(Records contained in a dataset)
◇ ◇ ◇

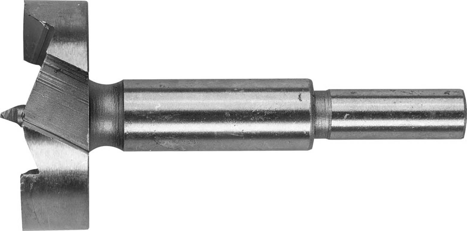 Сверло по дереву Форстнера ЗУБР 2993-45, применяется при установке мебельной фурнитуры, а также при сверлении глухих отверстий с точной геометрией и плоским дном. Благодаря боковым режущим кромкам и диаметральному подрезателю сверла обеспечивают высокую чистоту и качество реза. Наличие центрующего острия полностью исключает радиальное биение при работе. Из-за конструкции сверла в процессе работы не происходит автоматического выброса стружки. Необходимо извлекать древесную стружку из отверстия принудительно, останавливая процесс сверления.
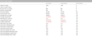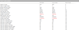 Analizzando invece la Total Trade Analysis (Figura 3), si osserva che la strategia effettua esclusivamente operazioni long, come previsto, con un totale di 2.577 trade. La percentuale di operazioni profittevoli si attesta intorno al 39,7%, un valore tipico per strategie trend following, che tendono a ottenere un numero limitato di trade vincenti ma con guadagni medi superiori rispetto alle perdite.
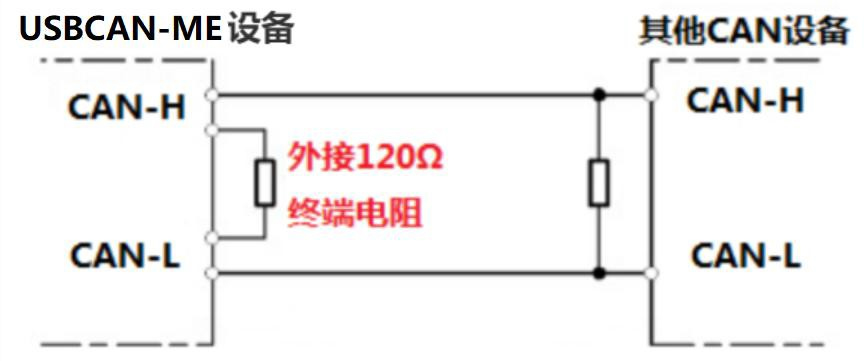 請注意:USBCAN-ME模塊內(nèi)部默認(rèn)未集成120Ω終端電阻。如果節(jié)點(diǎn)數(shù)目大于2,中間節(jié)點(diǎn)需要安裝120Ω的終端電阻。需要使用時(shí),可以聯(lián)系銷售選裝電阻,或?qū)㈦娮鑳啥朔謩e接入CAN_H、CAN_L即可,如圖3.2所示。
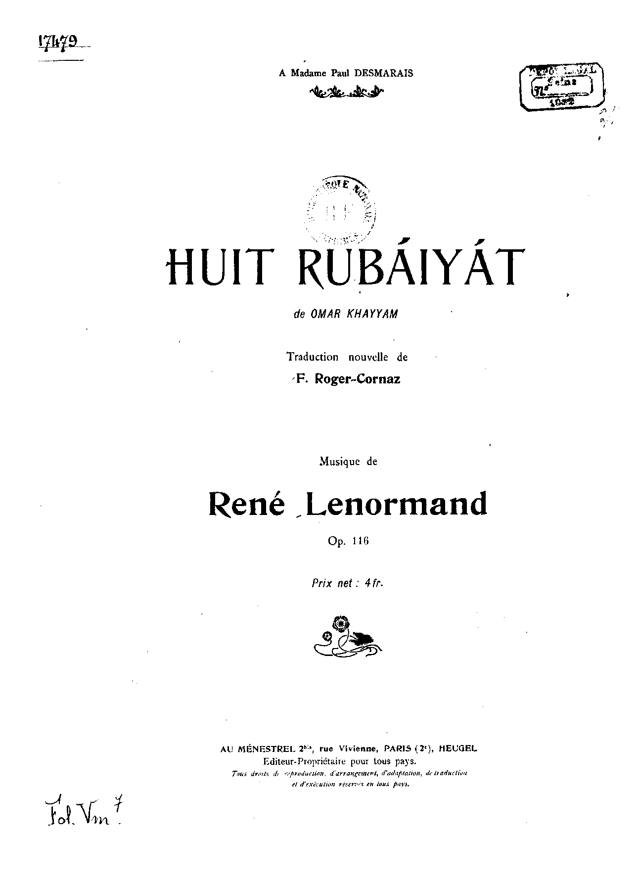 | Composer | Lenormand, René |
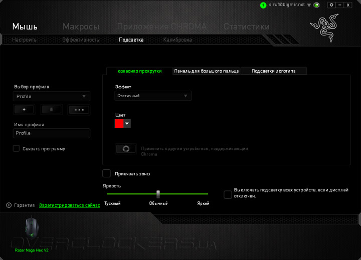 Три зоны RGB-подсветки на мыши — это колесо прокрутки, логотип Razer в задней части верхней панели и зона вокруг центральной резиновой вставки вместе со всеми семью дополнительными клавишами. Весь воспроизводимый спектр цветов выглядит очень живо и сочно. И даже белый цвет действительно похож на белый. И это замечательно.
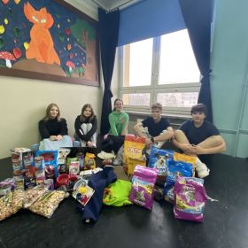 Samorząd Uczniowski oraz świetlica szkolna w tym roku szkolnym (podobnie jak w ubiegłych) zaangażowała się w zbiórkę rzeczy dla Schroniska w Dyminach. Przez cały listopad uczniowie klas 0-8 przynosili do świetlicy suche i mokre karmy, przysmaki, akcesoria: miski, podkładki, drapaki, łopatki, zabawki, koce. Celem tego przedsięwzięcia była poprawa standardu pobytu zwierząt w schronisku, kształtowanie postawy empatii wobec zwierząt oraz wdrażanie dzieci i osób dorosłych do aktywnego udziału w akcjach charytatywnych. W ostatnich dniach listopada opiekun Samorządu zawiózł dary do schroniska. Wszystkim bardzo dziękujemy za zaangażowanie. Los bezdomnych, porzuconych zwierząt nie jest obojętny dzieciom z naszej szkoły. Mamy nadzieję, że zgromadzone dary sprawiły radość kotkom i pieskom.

◇ ◇ ◇

§ **ACTION ITEM**:
Treat the line with "Analizzando invece la" as the start and the line with "Lenormand, René |" as the end, and return exactly that span of the data above, both ends included, without pictures.

§ **ANSWER TO THE EXERCISE**:
 Analizzando invece la Total Trade Analysis (Figura 3), si osserva che la strategia effettua esclusivamente operazioni long, come previsto, con un totale di 2.577 trade. La percentuale di operazioni profittevoli si attesta intorno al 39,7%, un valore tipico per strategie trend following, che tendono a ottenere un numero limitato di trade vincenti ma con guadagni medi superiori rispetto alle perdite.
 請注意:USBCAN-ME模塊內(nèi)部默認(rèn)未集成120Ω終端電阻。如果節(jié)點(diǎn)數(shù)目大于2,中間節(jié)點(diǎn)需要安裝120Ω的終端電阻。需要使用時(shí),可以聯(lián)系銷售選裝電阻,或?qū)㈦娮鑳啥朔謩e接入CAN_H、CAN_L即可,如圖3.2所示。
 | Composer | Lenormand, René |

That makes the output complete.